Second Bar + Kitchen’s Espresso Martini
Yeah, we know these espresso martinis are having another global moment, and who knows when the flow of fashion will decide that the moment is over? We don’t give a fuck – we’ll be drinking these delicious things until the sun finally expands and engulfs our entire planet. Especially if, in that far future, we can still get them at Second Bar + Kitchen, where the cocktail is genius-move supercharged with Bendt Bourbon Cream (in addition to the Tito’s and caramel espresso). And even more especially if Second Bar + Kitchen is still where it just moved to: The ground floor interior of the East Austin Hotel, right there at 1108 E. Sixth. We had the pleasure of sipping this javalicious delight in their rooftop bar, recently, and we loved the whole easygoing vibe of the hotel so much that we’re trying to figure out some way to justify a staycation – or at least get one of those Pool Passes. Well, to be honest, we were also influenced by the tasty fare on the all-day menu. (OMG, that Congress Burger.) Pro tip – not for you, citizen, but for the SB+K powers-that-be: The roasted tomatillo salsa that accompanies the guacamole for your extra-thick tortilla chips?

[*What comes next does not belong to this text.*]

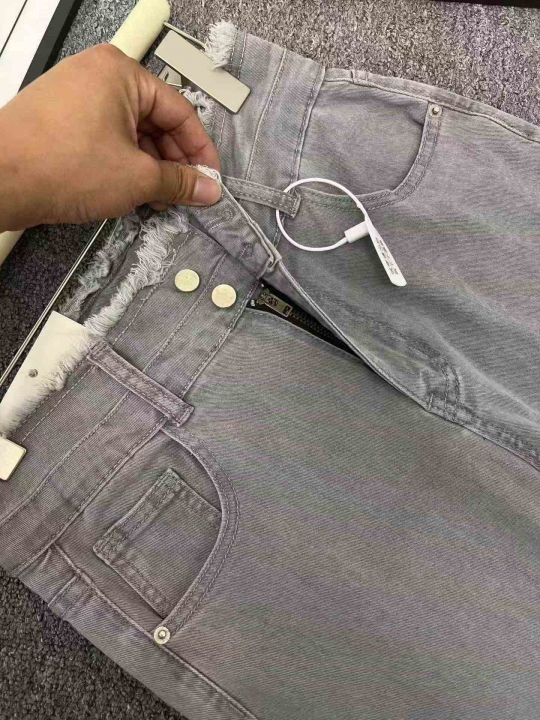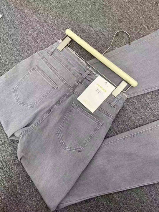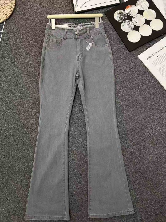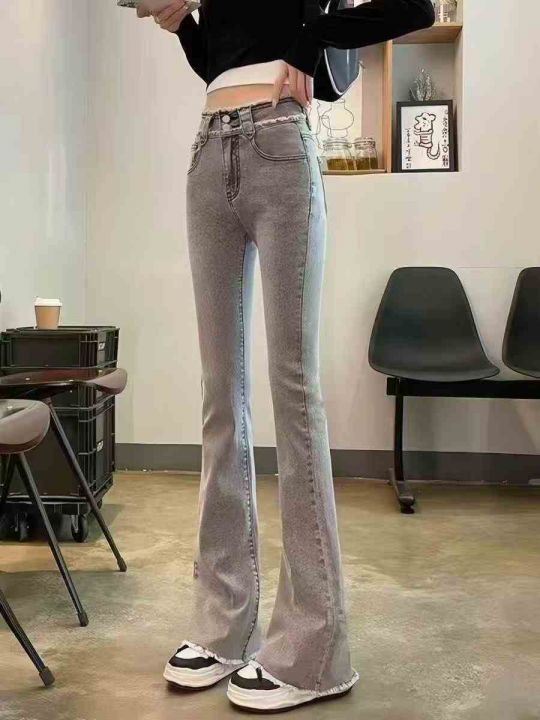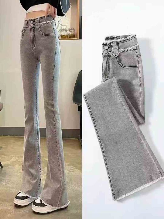 ☕️弹力烟灰色高腰微喇叭牛仔裤新款紧身毛边喇叭显瘦...

You need to enter that stuff into the Hot Sauce Festival next year, please; it’s nigh on perfect.

The Spiced Peary-Tini, a fine Perry's Steakhouse pairing

Perry’s Spiced Peary-tini
That’s Perry’s Steakhouse, yes, where – as if their steak program was other than phenomenal, as if their Pork Chop Friday wasn’t as delicious as it is legendary – they’ve started their Off-the-Menu features again, offering white bean pork chili and butternut squash soup and pumpkin cheesecake and (whoa) a Steak Flight with prime portions of Wagyu and Angus presented New York strip style. But, never mind the food – this here is the Drinks Issue. And the one special cocktail part of this limited-time menu (which runs through Nov. 30, so get it while you can) … the cocktail, we say, is this Spiced Peary-Tini, a refresher that’s so redolent of baked pears, so lightly cinnamon'd and brightened by a touch of citrus, that it’s a kind of liquid dessert right there in the glass. Very tasty. Of course your current reporter enjoyed it – he drinks all kinds of stuff – but his less boozy wife also thought this Peary-Tini was a superb accompaniment to dinner and well worth drinking on its own.